4. Plot ROC Curves for each model.

In [30]:
from sklearn.metrics import roc_curve, auc

# Calculate FPR, TPR, and thresholds
fpr, tpr, thresholds = roc_curve(y_true, y_scores)

# Calculate AUC
roc_auc = auc(fpr, tpr)

In [None]:
# Plot ROC curve 
plt.figure()
plt.plot(fpr, tpr, color='blue', label=f'ROC curve (area = {roc_auc:.2f})')
plt.plot([0, 1], [0, 1], color='gray', linestyle='--')  # Diagonal line
plt.xlim([0.0, 1.0])
plt.ylim([0.0, 1.05])
plt.xlabel('False Positive Rate')
plt.ylabel('True Positive Rate')
plt.title('Receiver Operating Characteristic')
plt.legend(loc="lower right")
plt.show()

### **Clustering**
---
1. Repeat the above exercise for different values of k.

In [None]:
%matplotlib inline

import pandas as pd
import numpy as np
from sklearn.metrics import pairwise_distances
from sklearn import cluster, datasets, preprocessing, metrics
import matplotlib.pyplot as plt
import seaborn as sns
plt.style.use('fivethirtyeight')
df = pd.read_csv("iris.csv")

In [14]:
cols = df.columns[:-1]
X_scaled = preprocessing.MinMaxScaler().fit_transform(df[cols])

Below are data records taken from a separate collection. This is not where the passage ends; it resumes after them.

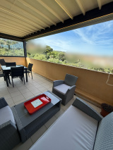 T2 VUE MER -Au 2e étage d' une résidence privée située au calme, appartement type 2 de 46 m² climatisé comprenant séjour ouvert sur cuisine équipée, dégagement avec placard, une chambre avec placard, salle de bains/wc. Terrasse couverte d'une surface de 21 m² avec couverte pergola bioclimatique et éclairage intégré. Vue dégagée mer et citadelle Parking privé avec place attribuée. Prix de vente : 280 000 € incluant 4% d'honoraires d'agences TTC à la charge des acquéreurs.
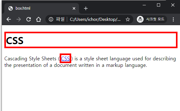 이렇게 h태그와 a태그에 테두리를 설정해봤습니다.
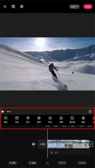 3、進(jìn)入視頻編輯界面,界面下方有豐富功能按鈕,點擊相應(yīng)按鈕,對視頻進(jìn)行裁剪、添加字幕、配樂、加特效等操作。
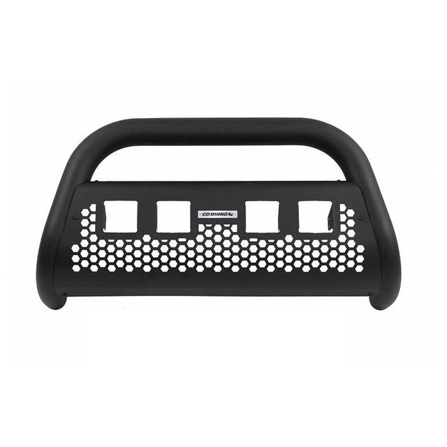 La serie RC2 LR de GO RHINO ofrece estilo con un diseño innovador y faros auxiliares integrados. El acabado texturizado en pintura negra electrostática y el emblemático patrón hexagonal de la parrilla realzan el estilo del vehículo.
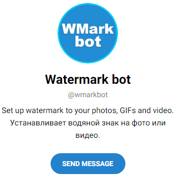 اگر یک عکاس هستید یا آثار هنری دیجیتال خلق می‌کنید، یکی از بهترین ربات های تلگرام برای کانال شما می‌تواند ربات Watermark bot باشد. با این ربات می‌توانید به تصاویر خود واترمارک اضافه کنید. امکان اضافه کردن واترمارک به صورت متنی و تصویری وجود دارد. همچنین مستقیما از داخل ربات می‌توانید عکس را در توییتر و دیگر شبکه‌های اجتماعی به‌اشتراک بگذارید.
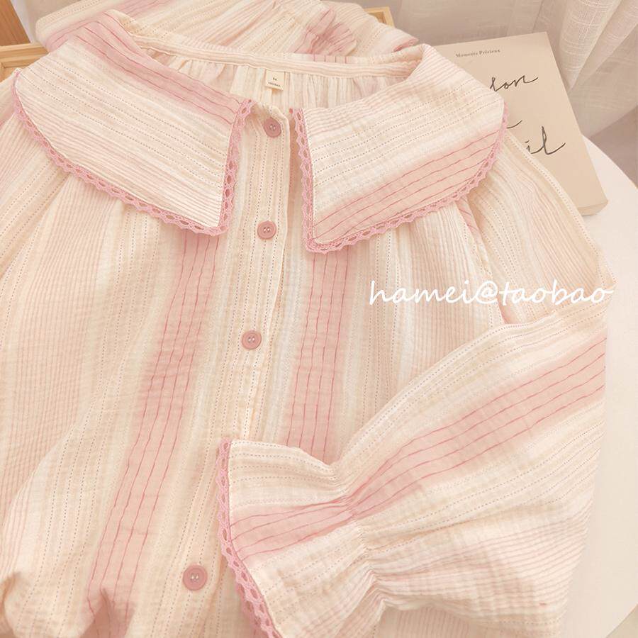 📚 【轻柔舒爽】睡衣女春夏季纯棉纱布长袖薄新款甜美可爱家居服套装
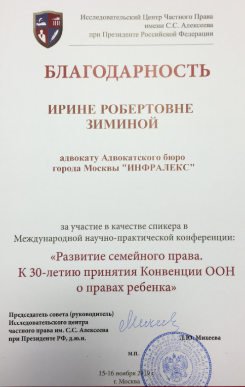 АДВОКАТ ИНФРАЛЕКС ИРИНА ЗИМИНА ПОЛУЧИЛА БЛАГОДАРНОСТЬ ИССЛЕДОВАТЕЛЬСКОГО ЦЕНТРА ЧАСТНОГО ПРАВА ИМЕНИ С.С. АЛЕКСЕЕВА ПРИ ПРЕЗИДЕНТЕ РФ
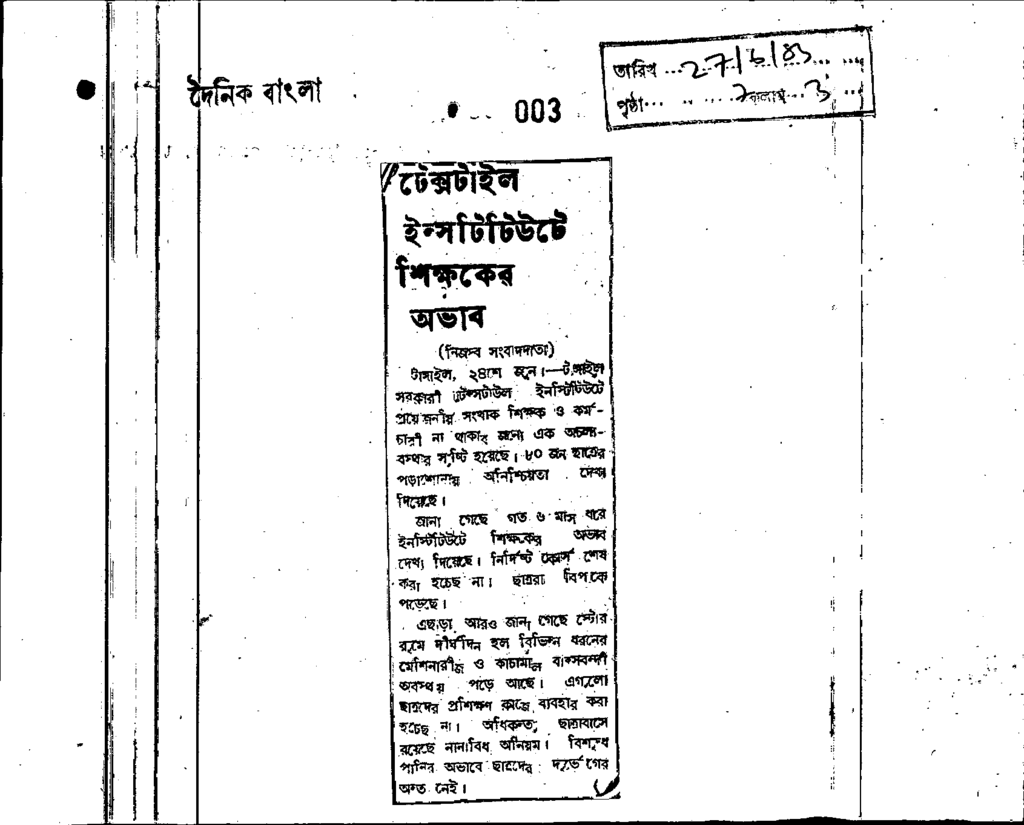 টেক্সটাইল ইন্সটিটিউটে শিক্ষকের অভাব
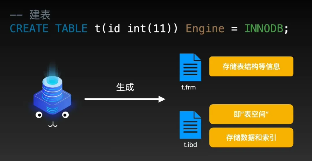 当我们创建一个数据库表时,InnoDB会创建三个文件。其中,ibd后缀的文件是对表数据和索引实际存储的文件,也称为表空间文件。
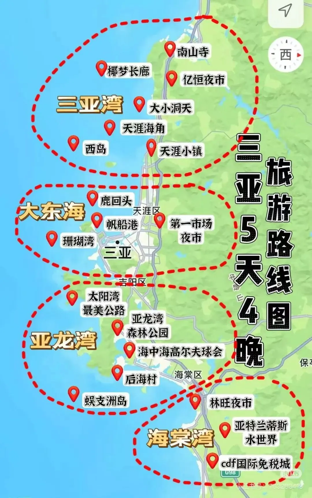 在三亚租了车之后,出行会方便很多,尤其是带着老人和小孩。考虑到小孩和同行的两位老人都是第一次坐飞机,前两晚我们在距离凤凰机场近一点的地方住下,早一点可以休息休息。 【三亚简约版攻略图】
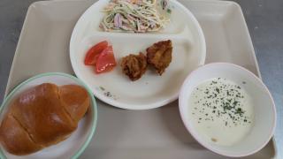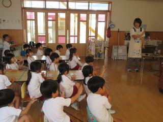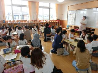 プロジェクターを見ながら、机の正しい拭き方、手の洗い方を教えてもらいました。

from sklearn.cluster import KMeans
from sklearn.metrics import silhouette_score

inertias = []
silhouettes = []
k_values = range(2,5)

for k in k_values:
    kmeans = KMeans(n_clusters=k)
    kmeans.fit(X_scaled)
    
    labels = kmeans.labels_
    inertia = kmeans.inertia_
    silhouette = silhouette_score(X_scaled, labels)
    
    inertias.append(kmeans.inertia_)
    silhouettes.append(silhouette_score(X_scaled, labels))

    print(f"k = {k}")
    print(f"  Inertia: {inertia:.2f}")
    print(f"  Silhouette Score: {silhouette:.4f}")
    print("---")

k = 2
  Inertia: 12.14
  Silhouette Score: 0.6295
---
k = 3
  Inertia: 7.14
  Silhouette Score: 0.4825
---
k = 4
  Inertia: 6.18
  Silhouette Score: 0.3792
---


- **How do the inertia and silhouette scores change?**

    Inertia and silhouette scores decreased as the k values increased.

- **What if you don't scale your features?**

    If you do not scale your features, features with larger numeric ranges would greatly affect the distance calculations and, therefore, also the clustering.

- **Is there a "right" k? Why or why not?**

    The "right" value for k depends on the data you are doing the clustering analysis on. Finding the "right" k for your data involves using the Elbow Method or the peak silhouette score.